A material fact for the court’s determination was that the first award was never distributed or communicated to the parties, while the second award was communicated and treated by the municipality as final. The chairperson’s explanatory affidavit described the practice that the Provincial Treasury “publishes” the tribunal’s award by informing the parties of it, and confirmed that the first award was delivered to the Treasury but not distributed to the parties, whereas the second was distributed.


In the tender evaluation process, several bids were rejected for failure to submit annual financial statements. The court recorded quoted prices, including that the applicant’s bid was R212 million and the fourth respondent’s R191 million, with the remaining compliant/considered bid (the ninth respondent) priced at R376 million. The court also recorded that the sixth respondent did not itself submit a tender; rather, a consortium (Conloo Construction) submitted the tender, of which the sixth respondent was only one member. At the hearing, the sixth respondent conceded this, which was accepted as dispositive against its counter-application.
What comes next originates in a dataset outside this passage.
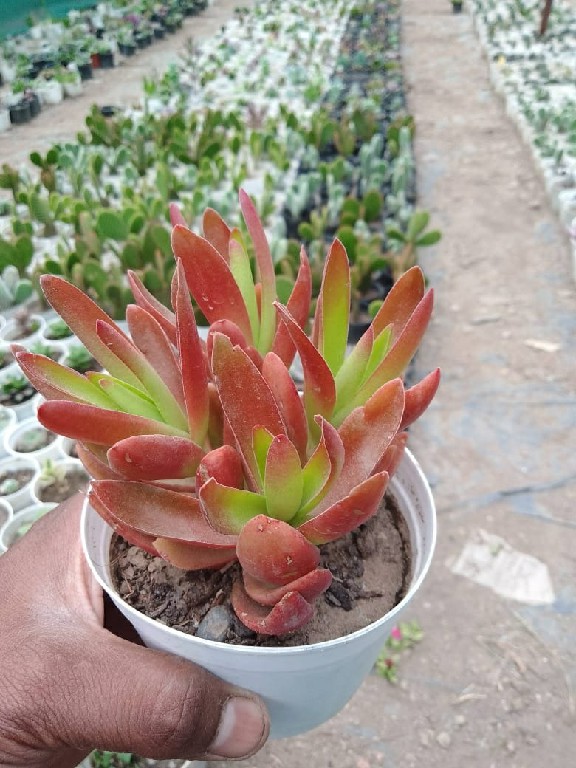Crasulla Campfire or Red Flames is a branching succulent plant with fleshy propeller-like leaves that mature from light green to bright red.. Leaves turn bright red if not over-watered and the plant receives direct sun for most of the day, during drought or in cold temperatures.

On the merits of the impugned award, the court identified that the fourth respondent’s eligibility depended on claimed experience manufacturing pre-cast concrete VIPs, supported by a letter said to evidence subcontracting under the earlier 2010 contract. The sixth respondent denied authoring that letter, noted it was not on its letterhead, and disputed the signature as not that of its director. The fourth respondent did not challenge these assertions. The court also noted inconsistencies from the fourth respondent’s financial statements indicating incorporation only in 2013 (undermining the asserted five years’ experience by 2016) and revenue figures inconsistent with the alleged scale of VIP manufacture.


3. Legal Issues


The central legal questions requiring determination were, first, whether the court proceedings were rendered moot by the tribunal’s first award (which purported to set aside the tender award and direct a re-run), and more specifically, when a tribunal award becomes legally effective and final such that the tribunal becomes functus officio.


Secondly, the court had to determine whether the impugned tender award to the fourth respondent was unlawful and fell to be reviewed and set aside under s 6 of PAJA, requiring a declaration of invalidity under s 172(1)(a) of the Constitution.


Thirdly, after setting aside the administrative action, the court had to decide the appropriate remedy under s 8(1) of PAJA: whether to remit the matter for reconsideration (in whole or part) or whether this was an exceptional case justifying substitution, namely an order directing that the tender be awarded to the applicant.


The issues were primarily about the application of legal principles to established facts (communication/finality of decisions; unlawfulness of tender award; and remedial discretion under PAJA), together with evaluative judgments concerning whether substitution was “just and equitable” and whether exceptional circumstances existed.


4. Court’s Reasoning


The court addressed the potential obstacle posed by the tribunal’s first award. It examined the tribunal’s powers under the municipality’s SCMP, which authorised the tribunal to make a “final binding decision” confirming, varying, or setting aside the municipal decision, and to make an appropriate order to resolve the matter if the award were varied or set aside. On the face of those provisions, the tribunal had power to issue an order of the kind contained in the first award. The practical question, however, was whether that first award had acquired legal effect such that it had already set aside the impugned decision, thereby requiring the applicant to review the first award before any further relief could be granted.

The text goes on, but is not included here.